I open my eyes and peer into the darkness, unsure how much time has passed, unsure how I got here. Unease floats into my mind and settles there, warning me to remain submerged in this dream-like state of mind, warning me that there is something menacing about facing reality.
Ragged breathing to my right snaps me back to reality with agonizing quickness and I flinch from the pain of realization. The beast that hovers beside me inhales all that is left of my innocence and exhales death. Death… That is what I smell on Its breath, as if It had eaten someone’s soul. Maybe the girl before me? I don’t think I have a soul left to lose. I have already sold it to the Devil and he gave me over to one of his demons.
I reach for the blanket and drag it up over my exposed body, but the Thing rips the fabric from my grasping fingers. “You can’t hide from me *****”. I will my skin to turn to stone, and imagine that I cannot feel Its biting nails and grimy fingers that leave trails of blood and dirt in their wake.
Drift away, I command myself. Drift away from here. Drift away like a leaf in the fall. Be small and unimportant; do not attract attention. Drift out of this room silently and gracefully into the night. Do not stop. Do not look back. Do not let the pain distract.

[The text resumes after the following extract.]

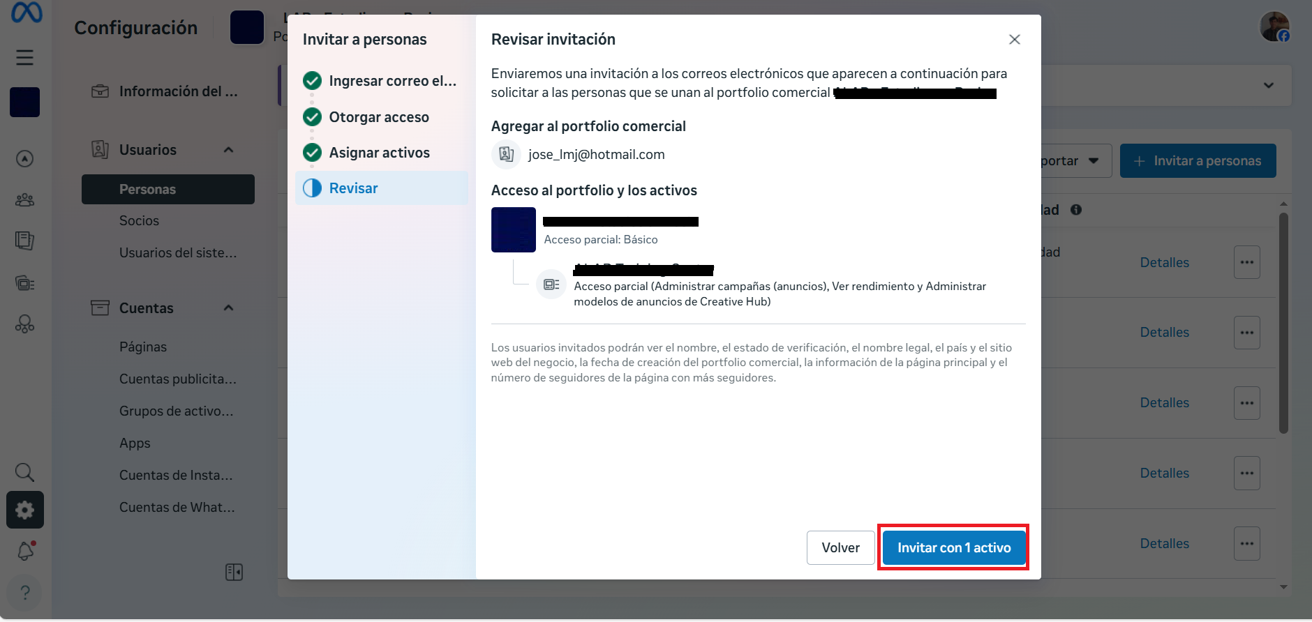 A continución, podremos ver un resumen de todos los activos asignados y el nivel de permisos correspondiente, si todo está conforme, simplemente debemos hacer click en el botón que dice «invitar con x activos»

But that which has worked so many times before, is failing me now. The illusion is rapidly fading, taking with it what little control I possess. My mask begins to crack and the tears seep out. The beast sneers at my weakness. “What’s wrong *****? You don’t like what you came for? Too ******* bad, because you’re mine now.”
I turn my head to the side to focus on a nail in the wall. “Look at me” demands the beast. Why do they always demand that I look at them? Is it some sort of power trip? I refuse to look. I glare at the nail in defiance and am rewarded with a blow to the stomach, but still I refuse. I must keep some semblance of control.
Drift away, I whisper to myself. A slap stings my face. Drift away from here. Blood trickles down my lip. Drift away like a leaf in the fall. “I said look at me!” Be small and unimportant; Do not attract attention. Pain in my abdomen, fear in my gut. Drift out of this room… “You can’t leave until I’m finished with you” Silently and gracefully into the night. A fist connects with my arms Do not stop. And then with my chest Do not look back And then with my jaw *Do not let the pain distract.
This is dark, I know....but there is healing in speaking out...and being transparently honest.